--- TO DO ---
Nothing but the lines from the one containing "в нынешнем сезоне." to the end of the data should be copied, exactly, and the pictures stay out.

--- RECORDS TO USE ---
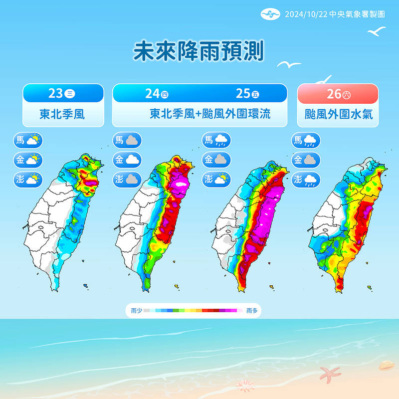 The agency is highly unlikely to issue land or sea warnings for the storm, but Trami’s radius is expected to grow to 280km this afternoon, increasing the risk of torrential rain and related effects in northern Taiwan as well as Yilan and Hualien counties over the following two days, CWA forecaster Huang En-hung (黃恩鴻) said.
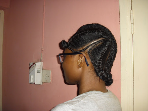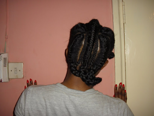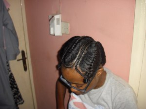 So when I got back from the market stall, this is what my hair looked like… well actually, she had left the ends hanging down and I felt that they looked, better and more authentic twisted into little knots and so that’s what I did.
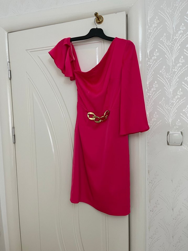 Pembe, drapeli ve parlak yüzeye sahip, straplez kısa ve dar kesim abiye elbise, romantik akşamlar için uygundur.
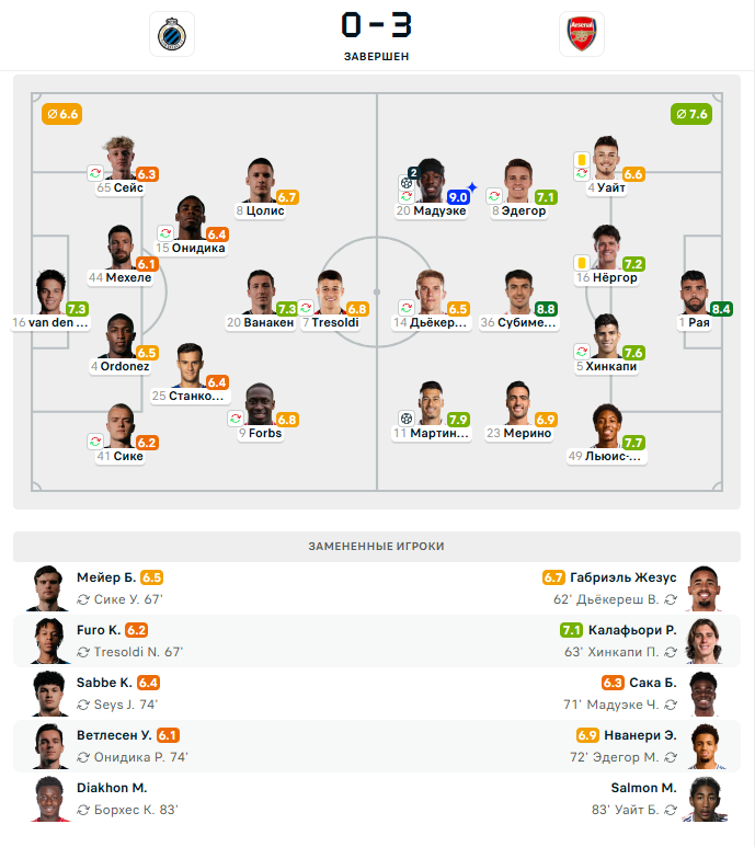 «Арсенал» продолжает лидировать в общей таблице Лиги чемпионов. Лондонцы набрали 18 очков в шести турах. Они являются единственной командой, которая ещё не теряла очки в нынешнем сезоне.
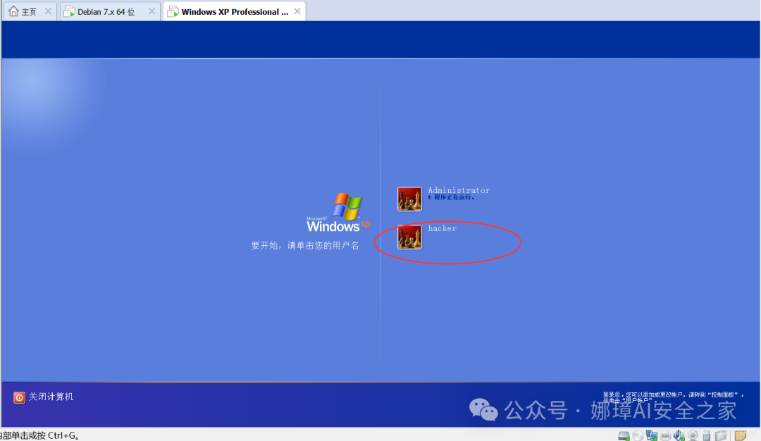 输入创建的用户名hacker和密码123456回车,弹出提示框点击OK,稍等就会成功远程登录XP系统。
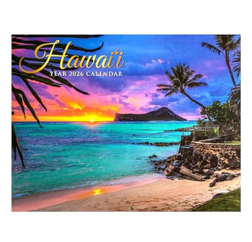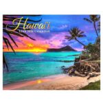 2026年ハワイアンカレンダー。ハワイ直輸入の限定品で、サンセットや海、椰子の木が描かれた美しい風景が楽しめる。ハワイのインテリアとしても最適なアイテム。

--- YOUR RESPONSE ---
 «Арсенал» продолжает лидировать в общей таблице Лиги чемпионов. Лондонцы набрали 18 очков в шести турах. Они являются единственной командой, которая ещё не теряла очки в нынешнем сезоне.
 输入创建的用户名hacker和密码123456回车,弹出提示框点击OK,稍等就会成功远程登录XP系统。
 2026年ハワイアンカレンダー。ハワイ直輸入の限定品で、サンセットや海、椰子の木が描かれた美しい風景が楽しめる。ハワイのインテリアとしても最適なアイテム。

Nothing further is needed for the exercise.